I have a question for all you mechanic and ford guys out there. I have a 2000 F250 Powerstroke. When I drive it feels like the wind is blowing and the truck drifts form side to side. Also when I go to correct the drifting sometimes, it feels like it’s not steering and then all of the sudden grips and causes a slight overcorrection. What could be the cause of this? I have checked my idler arm on the steering and it moves a little but would that cause the truck to sway or drift? 

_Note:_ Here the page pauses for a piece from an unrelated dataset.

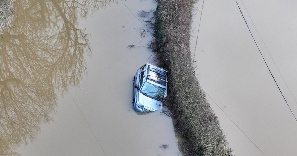 A car has been caught in the flooding here, along with another vehicle in Alfriston, much of which is also under water.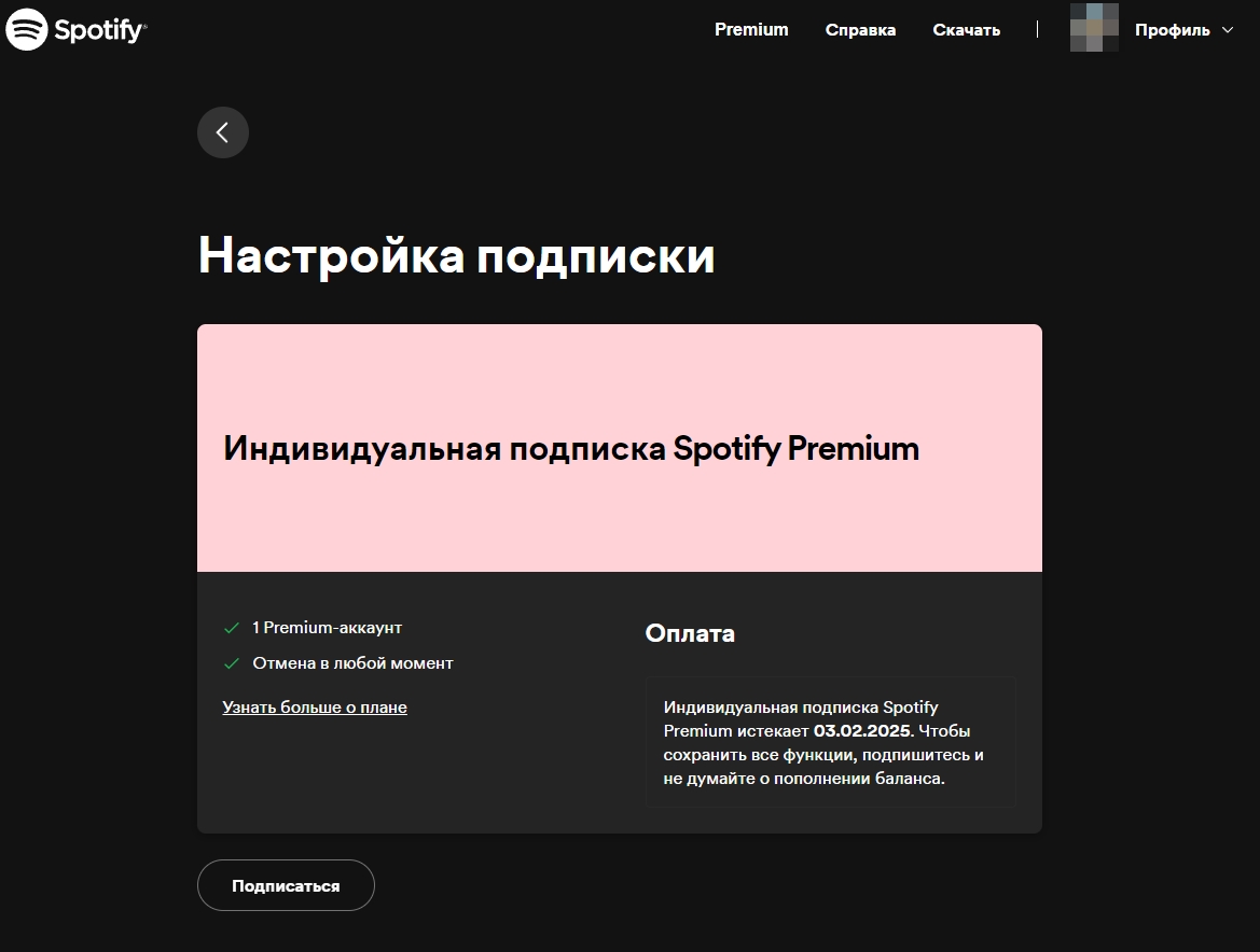 Улучшите свои музыкальные впечатления с помощью подписки Spotify Premium! Благодаря доступу к более чем 70 миллионам песен у вас никогда не закончится музыка для наслаждения.

Thanks in advance for any help,


----------



## Loke (Sep 7, 2007)

Do you have over sized tires and a lift? If so, you probably need a steering stabilizer.


----------



## legacy (Sep 30, 2007)

I had a similar problem on a full size Bronco. It ended up being the axle joints.


----------



## truemule (Sep 12, 2007)

Loke said:


> Do you have over sized tires and a lift? If so, you probably need a steering stabilizer.


There is no lift, the tires are slightly larger thanwhat was stock. (285 instead of 265)



legacy said:


> I had a similar problem on a full size Bronco. It ended up being the axle joints.

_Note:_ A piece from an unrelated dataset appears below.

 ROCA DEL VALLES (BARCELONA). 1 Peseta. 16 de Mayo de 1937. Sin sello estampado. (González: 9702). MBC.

Bite your tongue. How would I check for this?


----------



## chet (Sep 7, 2007)

your truck does not have an idler arm, It does have a pitman arm, but there is no wearable joint in it... all the joints are in the tie rods.

My vote is for ball joints, particularly the upper. When it wears, it causes a variance in caster, causing exactly the conditions you describe.


----------



## truemule (Sep 12, 2007)

chet said:


> your truck does not have an idler arm, It does have a pitman arm, but there is no wearable joint in it... all the joints are in the tie rods.
> 
> My vote is for ball joints, particularly the upper. When it wears, it causes a variance in caster, causing exactly the conditions you describe.


Thanks chet, Can I look at this myself to see if I can Identify it? Or is this something that needs to be taken apart and checked by a mecahnic? Also If I had to replace the uppers joints should I replace the lowers at the same time?


----------



## firedawg (Dec 20, 2007)

I have a 99 F-250 Ford....just got new upper and lower ball joints....if you have more than 50,000 to 65,000 miles on it thats more than likley what it is....especially with the powerstroke and if you tow alot.....also they are not cheap, if you fix it yourself you need to rent a ball joint press because they are pressed in. I also had to get new shocks, a new tie rod, and new brakes and a alignment of course.....break out the check book


----------



## chet (Sep 7, 2007)

yes do all 4 balls at the same time
also it would be easy to do the axle joints while the knuckle is off


----------



## truemule (Sep 12, 2007)

Thanks guys for all your help. It ended up being a bad tie rod and an adjustment on the steering gear box.


----------